- Born: November 23, 1973 Watawala, Matale
- Died: April 25, 2006 (aged 32) Colombo
- Allegiance: Sri Lanka
- Branch: Sri Lanka Army
- Service years: 1987-1996
- Rank: Sergeant
- Unit: Sri Lanka Corps of Military Police
- Conflicts: Sri Lankan Civil War

= Chaminda Ruwan Yakandawala =

Sri Lankan soldier

Sergeant Yakandawala Liyanarachchige Chaminda Ruwan Yakandawala was a Sri Lankan soldier. A member of the Sri Lanka Army Military Police he was selected to serve in the Security Division of the Commander of the Sri Lanka Army, Sarath Fonseka. On April 25, 2006, he blocked the path of a Tamil Tiger suicide bomber tasked with assassinating Fonseka. Unable to proceed, the suicide bomber detonated the explosives strapped around her waist, killing Yakandawala and eight others in the process. Yakandawala's quick actions however saved the life of Sarath Fonseka, who would go on to play a crucial role in the ultimate defeat of the Tamil Tigers and the ending of the Sri Lankan Civil War.

==Background==
Yakandawala Liyanarachchige Chaminda Ruwan Yakandawala was born in the village of Watawala on November 23, 1971, the third of four children. He attended Ginigathena Madhya Maha Vidyalaya until his GCE Ordinary Level examinations, after which he applied to join both the Sri Lanka Army and the Sri Lanka Police. Selected to both services, he decided to join the Sri Lanka Army, and enlisted in October 1991. He trained at the Army engineering school in Embilipitiya and Panagoda, after which he was mobilized as a military policeman. He was also a boxer for the Army.

In 1994, Yakandawala married Nishanthi Kumburegama, who was a physical training instructor with the Sri Lanka Army Women's Corps. They had three children together.

==Military career==
Promoted to the rank of Lance Corporal in January 1993, Yakandawala served in the army during the Rivirasa operation in 1995, and was awarded a medal for his bravery on the battlefield. He was subsequently selected to serve in the Security Division of the Commander of the Army. After undergoing training as a motor-cycle VIP escort, he joined the riding team of the Army Commander's escort in May 1996. Yakandawala provided security to three Army Commanders beginning with Rohan Daluwatte. He was promoted to Corporal in January 2001.

==Suicide attack==
On April 25, 2006, the Commander of the Sri Lanka Army Lt. General Sarath Fonseka was leaving the Sri Lanka Army Headquarters around 1.30 pm. Yakandawala was one of the outriders providing security to Fonseka.
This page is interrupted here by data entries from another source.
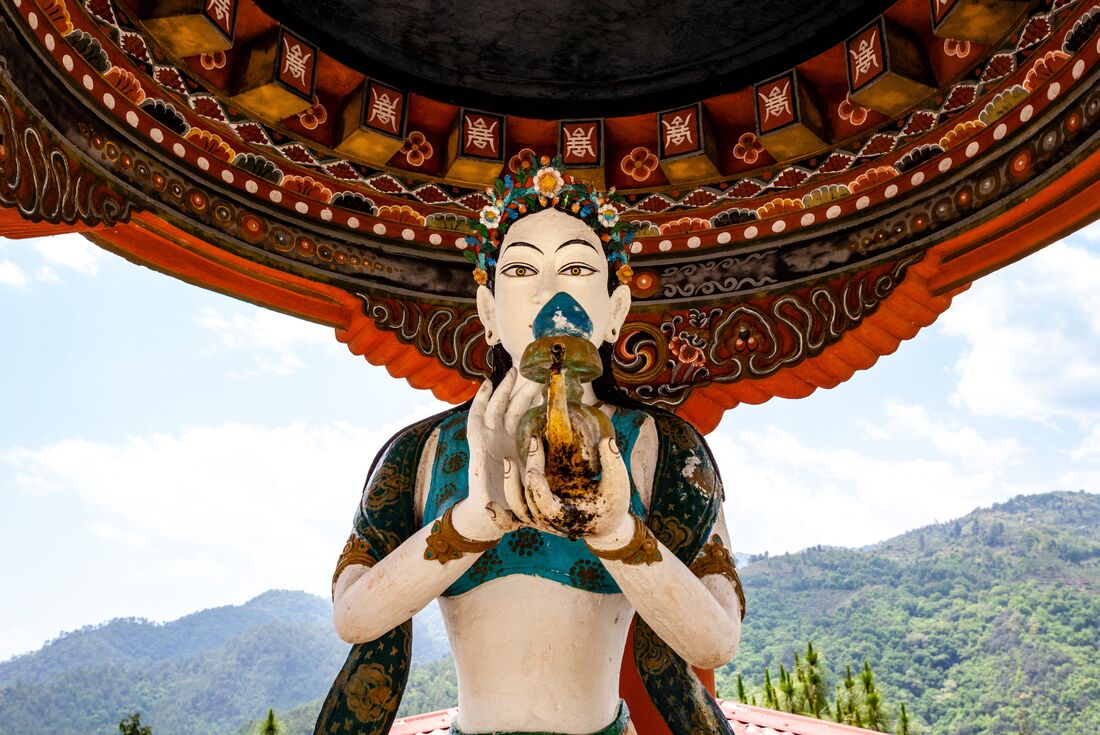 After breakfast, start your day with a light hike to Wangditse Monastery. The trail begins at the Sangaygang Viewpoint and winds through pine forests before reaching the monastery. Take a moment for some quiet reflection at this 18th-century temple, soaking in the views of the valley surrounding you. Have a Bhutanese lunch at female-owned restaurant Edelweiss, then visit the Buddha Dordenma – a 54-m-tall gilded bronze Buddha statue housing 125,000 smaller Buddha statues. Next, stop by the Bhutan Post Office Headquarters, where you can make your own personalised postal stamps – take them home as a souvenir or send a postcard home with a special touch! The Bhutan Postal Museum showcases some of the nation’s most rare and unusual stamps, like the famous ‘talking stamps’ (tiny playable vinyl records). Later, visit the Gagyel Lhundrup Weaving Centre where you can watch local artisans make their wares and buy some of your own, if you wish. End your day with a visit to the Bhutanese Crafts Bazaar, browsing the 80 stalls selling traditional handicrafts like vibrant tshoglham (embroidered boots) and thangkas (intricate paintings).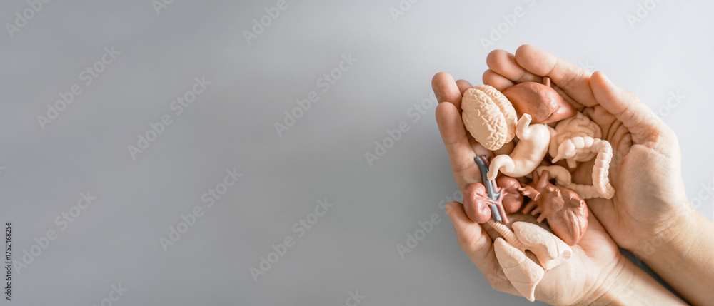 Naklejka na ściany i meble - Hands holding mini internal organs, health insurance, world organ donation day, wellness concept .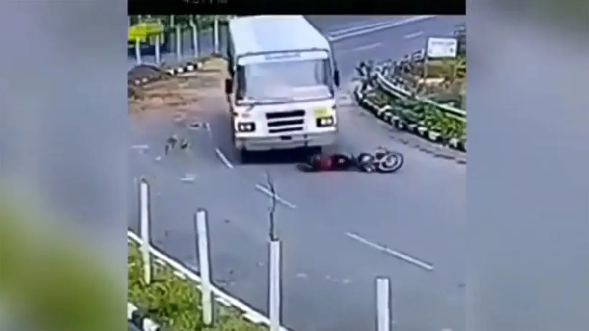 ببینید | معجزه مقابل لنز دوربینها؛ لحظه زنده ماندن موتورسوار با وجود عبور چرخهای اتوبوس از روی بدنش!

A Tamil Tiger suicide bomber later identified as Kanapathipillai Manjula Devi gained entrance into the Army headquarters compound by pretending to be a pregnant woman attending the maternity clinic at the Army Hospital, which was located inside the Headquarters compound. Dressed in a blue shalvari suit with a suicide belt containing large razor balls and more than a kilogram of C-4 strapped around her waist, she waited outside for Fonseka to leave his office. As Fonseka's car approached, Devi ran towards it. Noticing the danger, Yakandawala yelled at her to move away. As she continued running toward the vehicle, Yakandawala kicked out at her, knocking her to the ground. Devi then detonated the explosives strapped on to her.

==Aftermath==
Nine people were killed in the explosion, including Yakandawala, who had razor balls pierce his neck, destroying his trachea. Corporal Priyanjan Viraj, who was on the same bike at Yakandawala was also killed in the explosion. Fonseka suffered serious abdominal injuries in the attack, but his life was saved following emergency surgery at the Colombo National Hospital. He regained consciousness on April 30.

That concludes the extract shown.